I want to know if there are conditions about the minimum number of observations to have (the relation between the number of variables and the number of presence and absence records) in order to use the following machine learning algorithms: CART, RFs, and BRI (I will be very thankful if there are any references).
1 Answer
There are a few rules of thumb found in Frank Harrell's Regression Modelling Strategies. If $p$ is the number of variables in the model, then the rule of thumb is to use between $p=m/10$ and $p=m/20$ variables. here $m$ is the "limiting sample size" according to Frank. When the outcome is continuous then the $m$ is the total number of observations.

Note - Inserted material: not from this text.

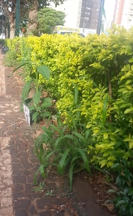 "Foto do canteiro central da av. Irmãos Pereira, cheio de mato, bem no centro de Campo Mourão. Está muito feio e não é feita a manutenção faz muito tempo".
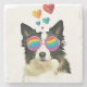 Border Collie Dog with Hearts Valentine's Day Stone Coaster

When the outcome is binary, $m = \min(n_1, n_0)$ where $n_1, n_0$ are the counts cases where the outcome was 1 and 0 respectively.
Concretely, if you wanted to do regression with a continuous outcome and 1000 observations, you could roughly accommodate 50 and 100 variables. If you had a binary outcome and there were only 30 observations of the outcome, you could do at most 3 variables (though some work on this has shown that for logistic regression, this rule of thumb is not as informative as we like. See here).

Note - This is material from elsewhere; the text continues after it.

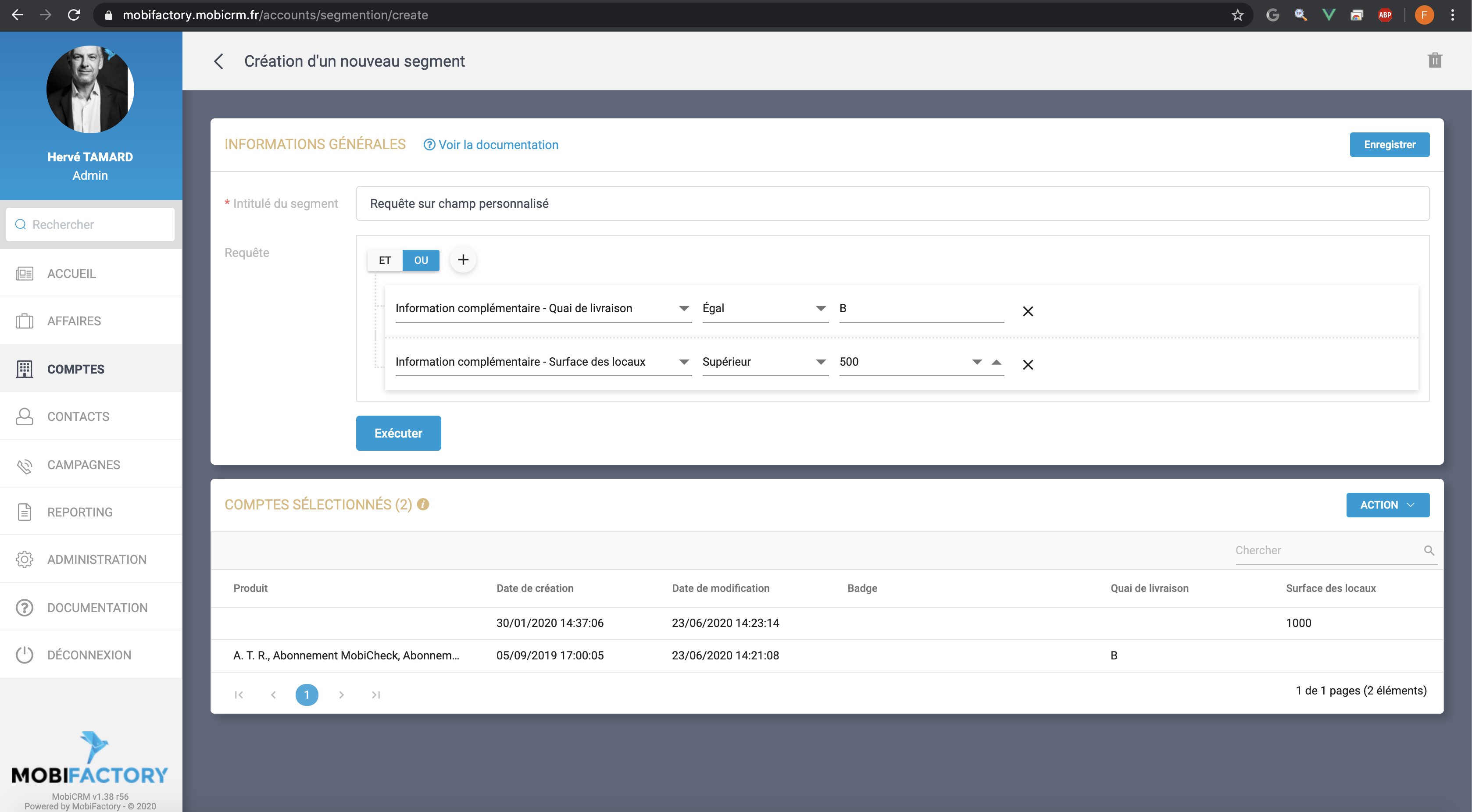 - Les requêtes se font sur les informations des comptes (ville, secteur, type de compte....) ainsi que sur vos données de référence (secteur géographique, potentiel ...) via des critères de sélection (égal, différent de, commence par, parmi...).

The unfortunate truth is that this requirements are probably on the low end especially for CART. CART is a low bias but extremely high variance estimator. Random Forest implements a number of things in order to combat this variability while preserving the unbiasedness, but I've not seen investigations into how many variables can be accommodated as a function of the sample size. My intuition is that Random Forest can handle many many variables since each tree in the forest randomly subsamples variables at each node, but I have no evidence for this.